╭──
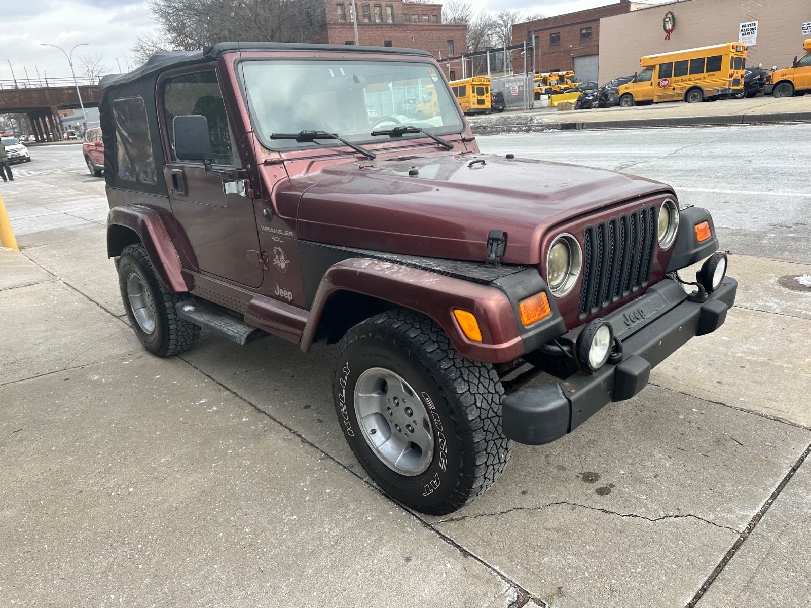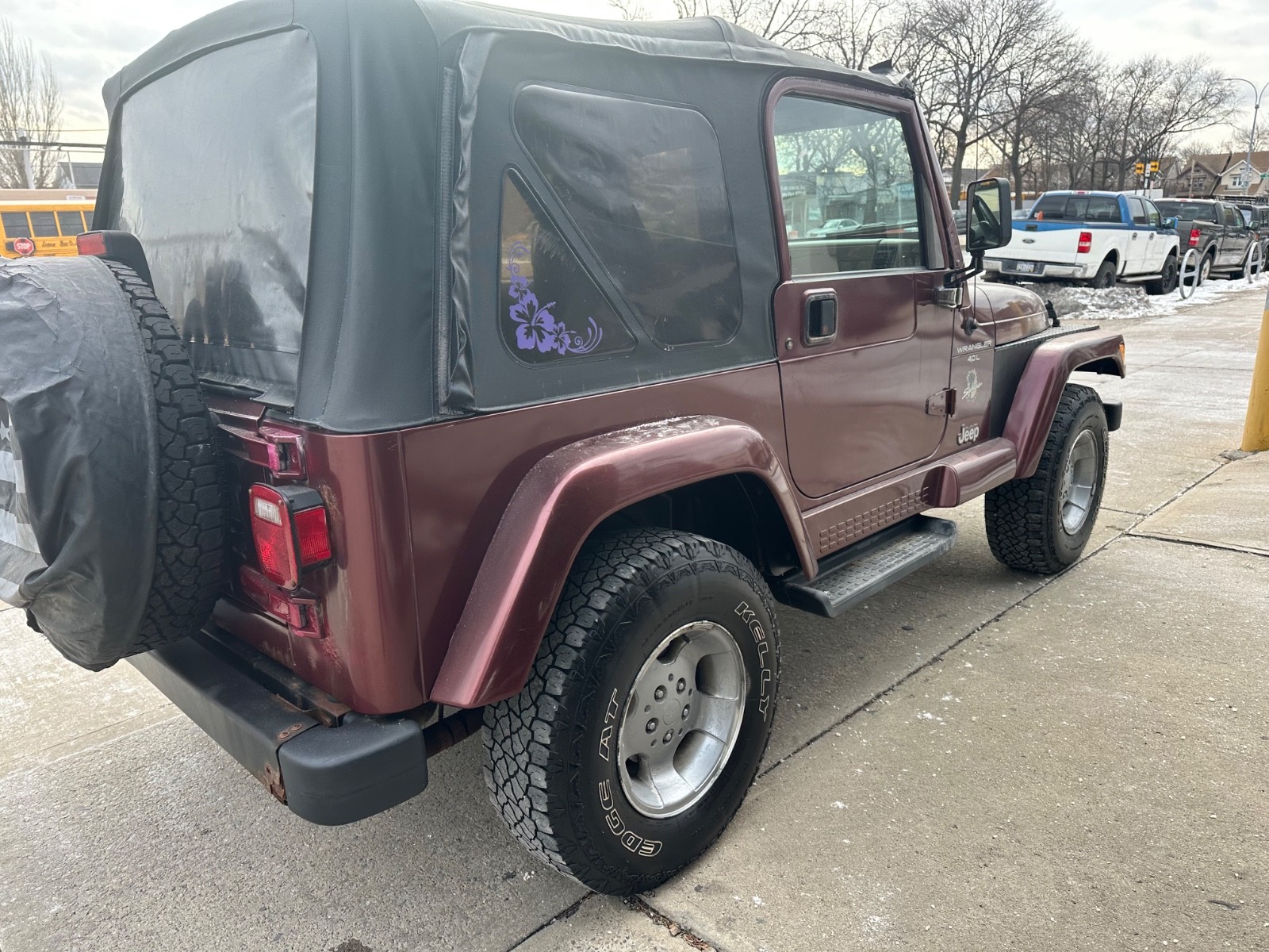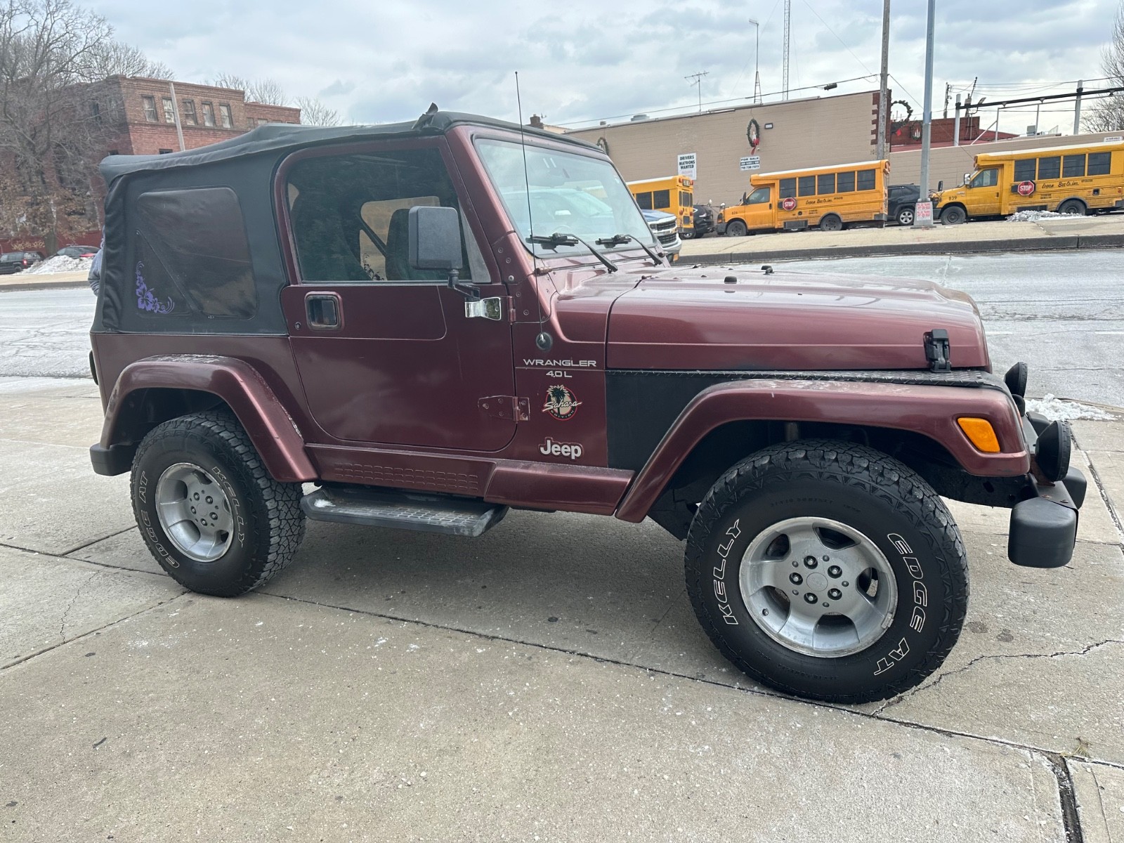for sale is a car that was recently traded in to a local new car dealership.its the sahara edition wrangler with updated trim and interior and rare dark red color! the car currently has no leaks no smoke and no check engine lights on. the car has no unusual or problematic sounds. this vehicle starts right up the engine runs smooth and quiet, the transmission shifts well, the front end tracks straight and the exhaust is quiet. the brakes and tires still have some of life on them. the electronics, windows heat and ac are all in working order. the body and paint are in excellent condition but the car will have some minor dents dings chips or scratches but far less than you would expect of a vehicle this age.may have some very minor rust chassis has no heavy rot on it and is as good as a wrangler chassis can be!the top has no rips and is in very good condition. wheels have been repainted.the hood and fender flares have some light paint fading which is nominal! the interior shows only minor wear with no major rips or stains, and the previous owner was a non smoker. please review photos as what you see is what you get and continue to read and understand all of the terms and conditions of sale.
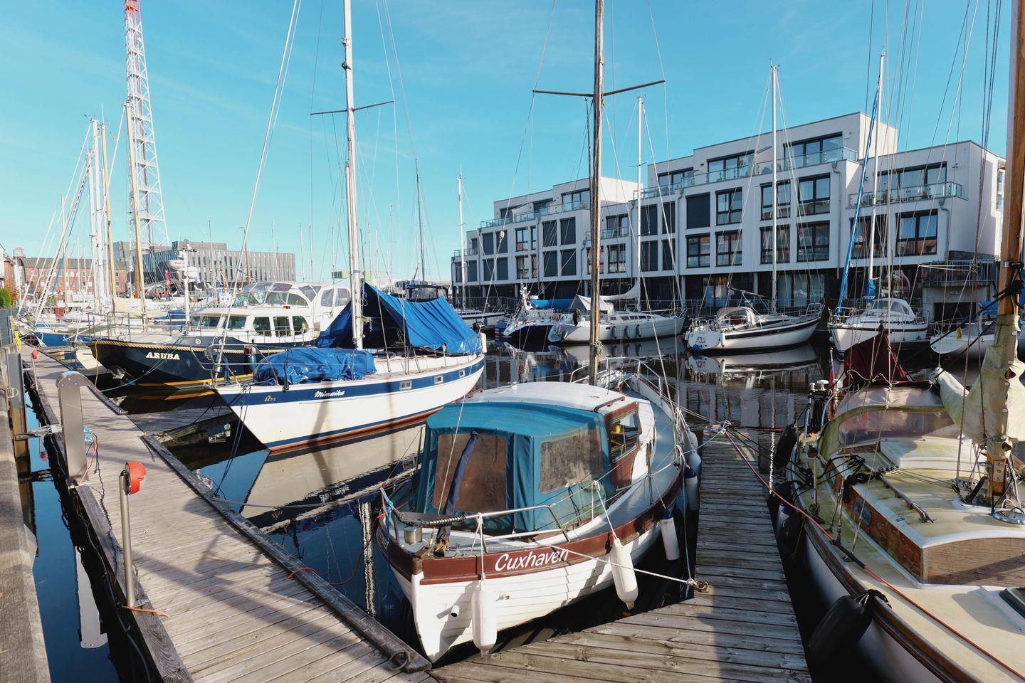 Charmante Ferienwohnung "Hafenblick-Marina" direkt am Yachthafen von Cuxhaven mit traumhaftem Hafenblick und maritimer Atmosphäre.
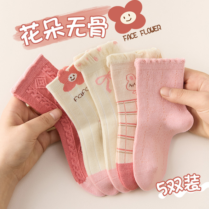 纯棉童袜春秋款夏季薄款防臭不起球男女袜子全棉中筒袜时尚儿童袜
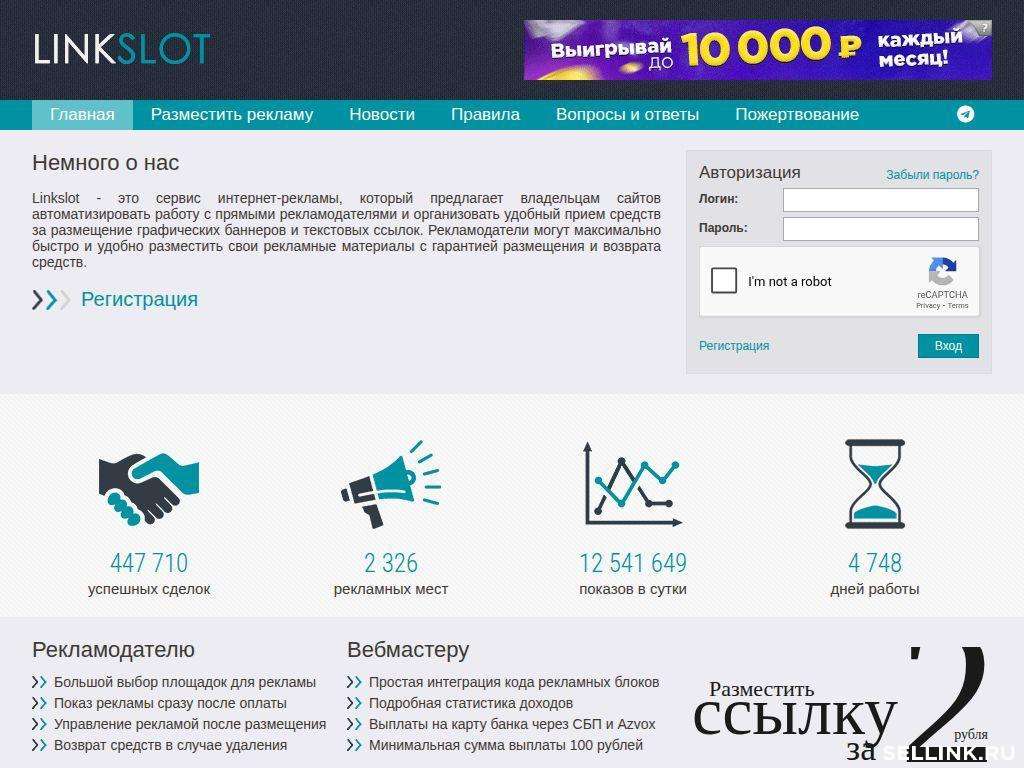 Linkslot - это сервис интернет-рекламы, который предлагает владельцам сайтов автоматизировать работу с прямыми рекламодателями и организовать удобный прием средств за размещение графических баннеров и текстовых ссылок.
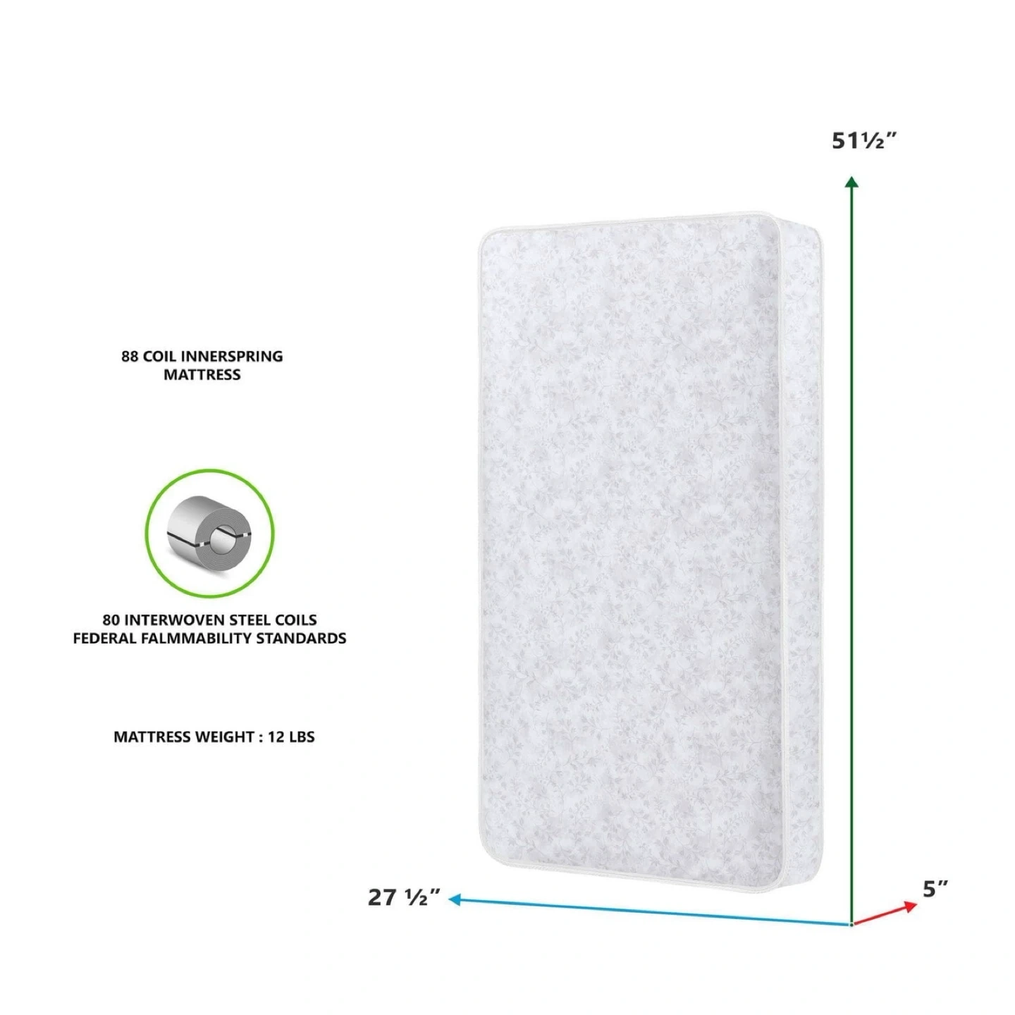 Dream On Me Spring Crib & Toddler Mattress for boys and girls. Features a waterproof tear-resistant cover and 88 inner spring coils. Mattress weight is 12 lbs.
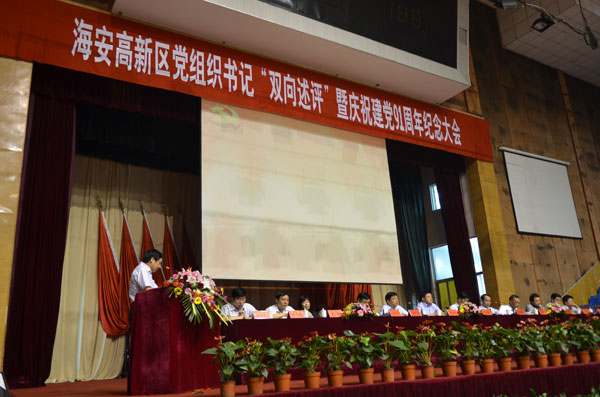 6月27日,海安高新區(qū)黨組織書記“雙向述評”暨慶祝建黨91周年大會在我縣海中體藝館舉行??h委常委、海安高新區(qū)黨工委書記張亞曦及全體黨政負責人、各局(辦)、各街、村(居)全體人員、各黨(總)支部書記、全體縣、鎮(zhèn)黨代表參加了會議。
╰──
■ **EXERCISE PROMPT**
Write out the records once more, exactly as they stand, with no images.

■ **OUTPUT FOR THIS EXERCISE**
for sale is a car that was recently traded in to a local new car dealership.its the sahara edition wrangler with updated trim and interior and rare dark red color! the car currently has no leaks no smoke and no check engine lights on. the car has no unusual or problematic sounds. this vehicle starts right up the engine runs smooth and quiet, the transmission shifts well, the front end tracks straight and the exhaust is quiet. the brakes and tires still have some of life on them. the electronics, windows heat and ac are all in working order. the body and paint are in excellent condition but the car will have some minor dents dings chips or scratches but far less than you would expect of a vehicle this age.may have some very minor rust chassis has no heavy rot on it and is as good as a wrangler chassis can be!the top has no rips and is in very good condition. wheels have been repainted.the hood and fender flares have some light paint fading which is nominal! the interior shows only minor wear with no major rips or stains, and the previous owner was a non smoker. please review photos as what you see is what you get and continue to read and understand all of the terms and conditions of sale.
 Charmante Ferienwohnung "Hafenblick-Marina" direkt am Yachthafen von Cuxhaven mit traumhaftem Hafenblick und maritimer Atmosphäre.
 纯棉童袜春秋款夏季薄款防臭不起球男女袜子全棉中筒袜时尚儿童袜
 Linkslot - это сервис интернет-рекламы, который предлагает владельцам сайтов автоматизировать работу с прямыми рекламодателями и организовать удобный прием средств за размещение графических баннеров и текстовых ссылок.
 Dream On Me Spring Crib & Toddler Mattress for boys and girls. Features a waterproof tear-resistant cover and 88 inner spring coils. Mattress weight is 12 lbs.
 6月27日,海安高新區(qū)黨組織書記“雙向述評”暨慶祝建黨91周年大會在我縣海中體藝館舉行??h委常委、海安高新區(qū)黨工委書記張亞曦及全體黨政負責人、各局(辦)、各街、村(居)全體人員、各黨(總)支部書記、全體縣、鎮(zhèn)黨代表參加了會議。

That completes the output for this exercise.